Here, Ms. Menzies ate at the property at times; kept some of her personal property there, albeit in the garage; visited the property; used the property's address for her personal mail, bank accounts, and tax returns. While this is evidence “tending to show” regular contact with the property, there is also evidence “tending to permit a jury to reach to opposite conclusion.” Naskidashvili, 2009 WL 399793, at *3. For example, there is evidence that Ms. Menzies did not sleep at the property, and she did not list the property as her address on her driver's license.
Indeed, the factual disputes here are illustrated by the competing inferences over the driver's license. Auto-Owners argues that because Ms. Menzies listed her boyfriend's address on her driver's license, that fact is proof that she “moved out” of the property and resided with her boyfriend. ECF 42, p. 12; ECF 46, p. 6. On the other hand, Ms. Menzies offers a benign reason for the address change on her driver's license that has nothing to do with residency: she bought a car with her boyfriend, and because the insurance on the car was listed in his name and at his address, she used his address for her driver's license. ECF 45, p. 5. Ms. Menzies further argues that the change occurred prior to her staying with her boyfriend during the renovations at the property. ECF 47, p. 5. The significance of the driver's license is a credibility issue for the jury to decide. Bloxham, 2020 WL 6710427, *7 (“it is not the Court's role to weigh the evidence or adjudge credibility.”).
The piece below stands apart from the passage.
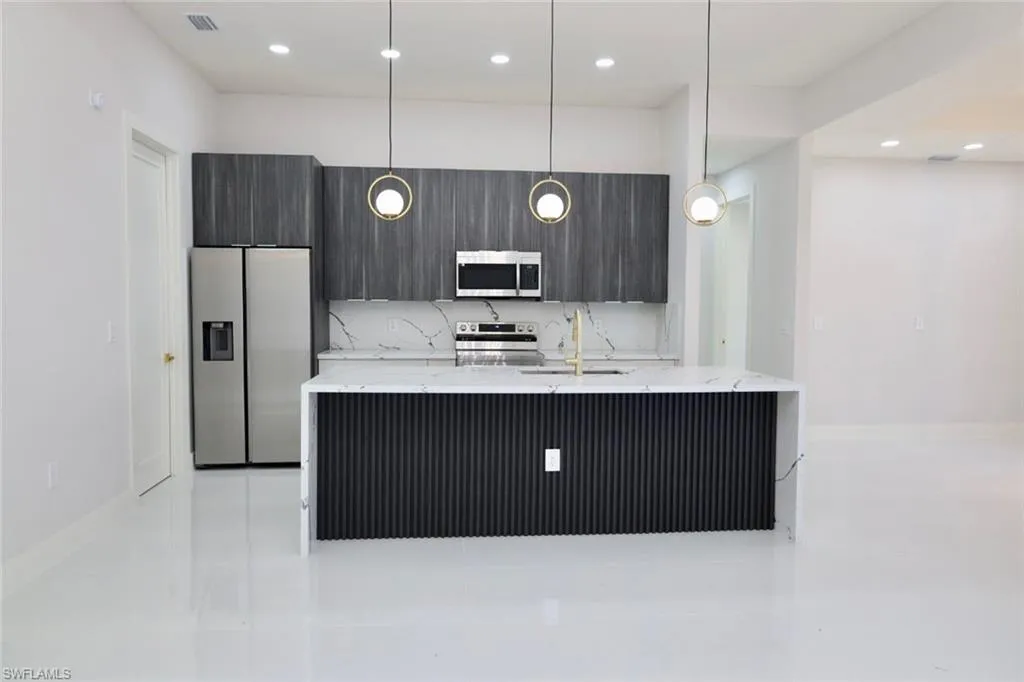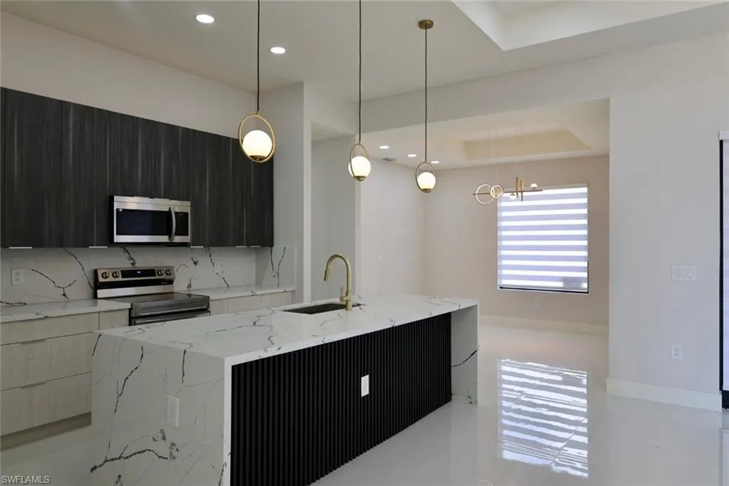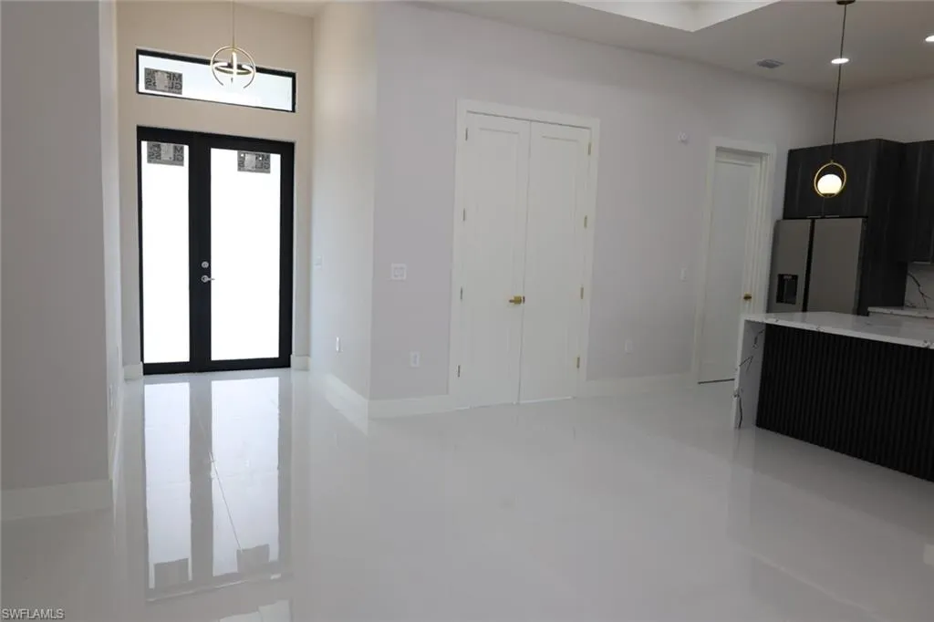 Introducing an exquisite new construction property that perfectly blends modern elegance and comfort, ideally situated on a desirable corner lot near State Road 82 and Sunshine Blvd. This stunning home features three spacious bedrooms plus a versatile den, ideal for a home office or guest room. Enjoy the luxury of two beautifully appointed baths and the seamless flow of tile flooring throughout the entire house, enhancing both style and practicality. Step outside to your own private lanai, perfect for relaxing or entertaining guests. The coffered ceiling and impressive 9-foot doors add a touch of sophistication and grandeur to the living spaces. Thoughtfully designed closet cabinets provide ample storage, while the charming paver driveway completes this beautiful property.

Ultimately, there are two competing factual narratives here, with a host of competing inferences, which depend on the assessment of the credibility of witnesses and the quality of the evidence.
This requires a factfinder “to resolve the parties' differing versions of the truth at trial.” In re Lemington Home for Aged, 659 F.3d at 290 (cleaned up). Thus, the Court denies both cross-motions for summary judgment.
Therefore, after careful consideration, it is hereby ORDERED that Auto-Owners Insurance Company's Motion for Summary Judgment (ECF 41) is DENIED. Ms. Menzies Cross-Motion for Summary Judgment (ECF 44) is also DENIED.